Bust it: Ditch the scale altogether,  or make it a habit to weigh yourself no more than once every two weeks, at the same time of the day, on the same day of the week. Also, use other means of measuring progress such as circumference measurements, body fat tests, and simply how your clothes fit and the changes you see in the mirror.

2). Muscle weighs more than fat 

This one really makes me cringe. For the last time, five pounds of muscle and five pounds of fat both weigh……wait for it…..FIVE POUNDS!!! Just like a pound of feathers and a pound of bricks both weigh a pound. What makes them VERY different? Their density.

Take a look at this photo…….

Screen Shot 2015-04-16 at 5.29.23 PM

5 lbs fat vs. 5 pounds muscle. Yuck!


BIG difference, right? The muscle is denser and therefore   takes up less space in the body than the disgusting, lumpy fat. Alas, they both weigh five pounds.

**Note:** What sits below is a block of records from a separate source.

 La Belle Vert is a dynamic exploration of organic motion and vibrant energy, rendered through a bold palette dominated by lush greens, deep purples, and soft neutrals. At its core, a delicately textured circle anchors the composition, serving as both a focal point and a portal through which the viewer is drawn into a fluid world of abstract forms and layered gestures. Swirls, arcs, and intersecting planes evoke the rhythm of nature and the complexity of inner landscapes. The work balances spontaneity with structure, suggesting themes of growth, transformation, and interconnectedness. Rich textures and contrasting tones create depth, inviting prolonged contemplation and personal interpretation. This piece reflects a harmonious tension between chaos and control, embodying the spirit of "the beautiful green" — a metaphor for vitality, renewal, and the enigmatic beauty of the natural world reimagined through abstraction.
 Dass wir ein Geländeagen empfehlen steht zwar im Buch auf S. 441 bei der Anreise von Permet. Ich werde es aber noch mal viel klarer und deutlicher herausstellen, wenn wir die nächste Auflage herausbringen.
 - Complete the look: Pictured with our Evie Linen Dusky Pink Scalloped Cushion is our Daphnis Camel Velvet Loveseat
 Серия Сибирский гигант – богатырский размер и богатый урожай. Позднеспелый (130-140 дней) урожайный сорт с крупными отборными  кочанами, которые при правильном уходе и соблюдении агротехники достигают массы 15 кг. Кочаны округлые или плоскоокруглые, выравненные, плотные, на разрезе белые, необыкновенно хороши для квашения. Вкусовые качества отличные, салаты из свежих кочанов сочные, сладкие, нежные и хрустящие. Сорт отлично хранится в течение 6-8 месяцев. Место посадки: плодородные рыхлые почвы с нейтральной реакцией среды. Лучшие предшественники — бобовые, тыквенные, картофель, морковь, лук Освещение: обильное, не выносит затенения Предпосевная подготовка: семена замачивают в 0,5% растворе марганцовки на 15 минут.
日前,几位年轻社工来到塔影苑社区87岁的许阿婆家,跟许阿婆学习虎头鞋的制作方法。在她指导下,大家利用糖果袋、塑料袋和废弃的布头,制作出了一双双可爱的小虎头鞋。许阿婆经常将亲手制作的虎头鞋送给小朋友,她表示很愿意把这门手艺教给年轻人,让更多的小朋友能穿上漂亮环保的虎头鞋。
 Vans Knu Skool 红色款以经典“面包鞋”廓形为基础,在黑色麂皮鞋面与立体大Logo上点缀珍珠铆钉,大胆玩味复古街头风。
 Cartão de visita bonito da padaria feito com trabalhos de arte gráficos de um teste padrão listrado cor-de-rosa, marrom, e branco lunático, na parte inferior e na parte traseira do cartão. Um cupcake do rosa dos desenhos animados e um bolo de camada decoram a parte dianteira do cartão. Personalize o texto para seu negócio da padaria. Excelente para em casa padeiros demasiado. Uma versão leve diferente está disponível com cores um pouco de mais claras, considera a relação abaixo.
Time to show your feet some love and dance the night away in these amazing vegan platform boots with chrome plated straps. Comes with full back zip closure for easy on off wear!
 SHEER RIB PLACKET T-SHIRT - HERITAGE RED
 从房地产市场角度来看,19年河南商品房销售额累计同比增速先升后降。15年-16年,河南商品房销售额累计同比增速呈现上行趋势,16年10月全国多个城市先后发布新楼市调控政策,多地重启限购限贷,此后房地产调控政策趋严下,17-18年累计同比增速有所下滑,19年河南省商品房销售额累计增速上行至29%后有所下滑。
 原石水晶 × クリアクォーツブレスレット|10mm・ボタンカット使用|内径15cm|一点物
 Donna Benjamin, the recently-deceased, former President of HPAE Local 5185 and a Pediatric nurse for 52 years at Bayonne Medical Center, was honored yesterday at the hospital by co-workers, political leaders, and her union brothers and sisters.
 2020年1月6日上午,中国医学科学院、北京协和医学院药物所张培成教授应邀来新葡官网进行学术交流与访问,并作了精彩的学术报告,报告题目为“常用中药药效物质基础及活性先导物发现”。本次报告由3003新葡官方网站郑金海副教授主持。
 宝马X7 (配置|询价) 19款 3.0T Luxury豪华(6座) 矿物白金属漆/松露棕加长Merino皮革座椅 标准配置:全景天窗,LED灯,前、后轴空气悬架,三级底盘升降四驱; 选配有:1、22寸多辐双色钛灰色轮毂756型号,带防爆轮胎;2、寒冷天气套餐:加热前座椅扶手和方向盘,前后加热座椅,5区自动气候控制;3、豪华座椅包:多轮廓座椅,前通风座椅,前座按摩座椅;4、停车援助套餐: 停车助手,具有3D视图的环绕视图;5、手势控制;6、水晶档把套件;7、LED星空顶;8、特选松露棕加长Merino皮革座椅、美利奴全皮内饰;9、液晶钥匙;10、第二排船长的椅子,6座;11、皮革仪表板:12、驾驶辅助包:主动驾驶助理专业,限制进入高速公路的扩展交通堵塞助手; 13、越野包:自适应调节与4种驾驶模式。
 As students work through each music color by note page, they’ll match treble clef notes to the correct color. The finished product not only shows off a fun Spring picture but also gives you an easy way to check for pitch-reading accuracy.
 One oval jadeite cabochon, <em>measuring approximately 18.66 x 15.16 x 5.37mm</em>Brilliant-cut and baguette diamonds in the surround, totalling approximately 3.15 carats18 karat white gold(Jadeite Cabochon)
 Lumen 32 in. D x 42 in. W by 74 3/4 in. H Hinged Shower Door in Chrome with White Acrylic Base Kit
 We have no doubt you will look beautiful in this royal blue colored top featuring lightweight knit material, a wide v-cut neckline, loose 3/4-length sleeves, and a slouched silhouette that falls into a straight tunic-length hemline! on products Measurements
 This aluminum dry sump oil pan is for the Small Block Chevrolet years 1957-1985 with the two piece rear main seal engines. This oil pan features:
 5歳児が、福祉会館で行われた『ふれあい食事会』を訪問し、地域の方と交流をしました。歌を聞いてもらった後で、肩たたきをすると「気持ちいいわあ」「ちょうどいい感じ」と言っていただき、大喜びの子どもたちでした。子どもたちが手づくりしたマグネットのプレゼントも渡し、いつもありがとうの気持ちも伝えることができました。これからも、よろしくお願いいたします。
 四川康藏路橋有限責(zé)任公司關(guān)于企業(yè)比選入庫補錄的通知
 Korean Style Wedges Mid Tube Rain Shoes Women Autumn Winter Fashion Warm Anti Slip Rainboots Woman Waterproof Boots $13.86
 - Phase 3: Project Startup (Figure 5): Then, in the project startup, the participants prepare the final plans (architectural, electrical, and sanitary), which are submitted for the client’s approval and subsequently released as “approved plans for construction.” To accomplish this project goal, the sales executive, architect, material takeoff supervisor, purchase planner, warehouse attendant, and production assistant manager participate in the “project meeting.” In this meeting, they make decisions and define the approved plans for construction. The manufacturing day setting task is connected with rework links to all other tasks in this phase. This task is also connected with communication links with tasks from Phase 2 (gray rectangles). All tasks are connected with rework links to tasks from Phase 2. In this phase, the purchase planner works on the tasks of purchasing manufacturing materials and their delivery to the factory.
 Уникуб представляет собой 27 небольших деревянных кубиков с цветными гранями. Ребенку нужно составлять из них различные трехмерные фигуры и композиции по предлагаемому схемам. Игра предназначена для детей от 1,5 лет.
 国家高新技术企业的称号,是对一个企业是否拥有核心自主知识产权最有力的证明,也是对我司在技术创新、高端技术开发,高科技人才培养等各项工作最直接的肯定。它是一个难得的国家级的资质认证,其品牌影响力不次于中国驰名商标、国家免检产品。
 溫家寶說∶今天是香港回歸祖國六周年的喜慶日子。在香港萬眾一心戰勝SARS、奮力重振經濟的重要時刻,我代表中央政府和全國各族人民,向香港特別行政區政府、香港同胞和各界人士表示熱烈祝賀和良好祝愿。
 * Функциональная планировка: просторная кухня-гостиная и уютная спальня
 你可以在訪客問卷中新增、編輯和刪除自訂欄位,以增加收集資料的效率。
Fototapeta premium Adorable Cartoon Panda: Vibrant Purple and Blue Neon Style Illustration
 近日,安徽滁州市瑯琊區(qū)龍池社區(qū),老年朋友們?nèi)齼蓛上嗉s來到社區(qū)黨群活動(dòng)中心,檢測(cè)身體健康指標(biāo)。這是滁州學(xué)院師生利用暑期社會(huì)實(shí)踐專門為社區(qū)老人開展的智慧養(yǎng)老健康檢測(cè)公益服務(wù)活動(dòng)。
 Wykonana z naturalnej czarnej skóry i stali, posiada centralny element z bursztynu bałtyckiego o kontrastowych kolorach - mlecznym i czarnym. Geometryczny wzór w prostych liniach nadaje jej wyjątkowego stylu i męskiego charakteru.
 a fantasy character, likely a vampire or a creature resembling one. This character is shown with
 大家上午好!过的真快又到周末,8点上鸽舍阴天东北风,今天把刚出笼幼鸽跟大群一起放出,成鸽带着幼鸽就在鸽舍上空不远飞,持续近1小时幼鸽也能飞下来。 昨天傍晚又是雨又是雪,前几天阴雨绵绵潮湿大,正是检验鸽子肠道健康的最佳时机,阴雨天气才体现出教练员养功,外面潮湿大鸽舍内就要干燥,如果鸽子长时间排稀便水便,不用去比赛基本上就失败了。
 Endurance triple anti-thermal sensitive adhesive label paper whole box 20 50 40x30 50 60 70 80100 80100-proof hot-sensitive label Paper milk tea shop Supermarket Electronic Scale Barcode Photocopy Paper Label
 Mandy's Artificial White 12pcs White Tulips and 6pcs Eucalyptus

Bust it: This illustration is yet another example as to why you should NEVER rely on the scale. Focus on adding lean body mass, follow a balanced diet, and while you may not see the scale shift as much as you like, you WILL get smaller, tighter, and, well, denser.


3). Women shouldn’t lift heavy weights because they will get “bulky” and “look like a man” 

Girl, please!  The average woman’s hand bag weighs 5.2 pounds, and the average one year old weighs 20 pounds.

I’ve seen you shlepping child, bag and groceries from the car up the stairs with one hand while talking on your cell phone, and you want to tell me that you can’t lift more than 2 pound dumbbells in the gym?!

Let me explain something to you. Three primary things create big, “bulky” muscle:

1). A caloric surplus (i.e eating more than you burn), 2). A very particular style of training accompanied by said food, and 3). Testosterone.

Women have one tenth the naturally occurring testosterone as men.

Read my lips: that’s what builds the size. Size and STRENGTH are not mutually exclusive. 

You can be strong without getting huge. At best, if you’re lucky (because building muscle is actually a LOT harder than it sounds), you’l LOSE INCHES and look smaller, firmer and tighter with some nice definition here and there.

Screen Shot 2015-04-23 at 6.57.17 PM

True Story


 Bust It:  The results you crave will come from  CHALLENGING yourself in the gym (and of course by monitoring your nutrition). If sexy definition is what you want, then put down the weight you can lift for 50 repetitions and go find the weight you can lift for no more than 8-15 repetitions. I guarantee you’re a LOT stronger than you think you are.


I also guarantee that you WON’T get bulky, you’ll get awesome (unless you’re still overeating, then you will get bulky because you haven’t lost the fat covering up your pretty muscle).


4). Spot Reduction 

Here’s a scenario I encounter in the studio almost weekly. Client approaches me ( male or female, this phenomenon is not gender specific) and says:

“Jacqui, how do I get rid of THIS?” (said while grabbing onto some part of their body, usually the abdomen, upper arms, or thighs)

My response? Keep doing what you’re doing. We don’t get to choose where fat comes off first, or last.

It just doesn’t work that way. Yes we’re genetically predisposed to store fat in certain areas, which vary widely from person to person and among men and women.

Oh, boy....

Oh, boy….

But a million crunches won’t give you a flat stomach. The Thigh Master won’t give you slim thighs, and the 50’s style body-shaker thingy won’t, uh, shake the fat off of you.

You MUST lose the fat on top. How?

There’s that “N” word again…… nutrition!

Bust It: We have two “True-isms” in the fitness community:

1). “Abs are made in the kitchen”

2). “You can’t out-train a bad diet.”



Without a balanced diet designed to help you shed fat, you will get stronger, your endurance will improve, but you won’t see that coveted definition and lose that stubborn fat from that troublesome spot. 

Train your WHOLE body, not just the trouble areas. You’ll improve posture, balance, and strength by doing so. Begin to see the body as a whole unit and not individual parts.

And last but not least, be patient. I know it’s not what you want to hear, but it’s the truth.

Fat loss takes time. There’s no “quick fix”  (that doesn’t involve surgery or drugs).

Stay the course. Do the work. You’ll be happy you did.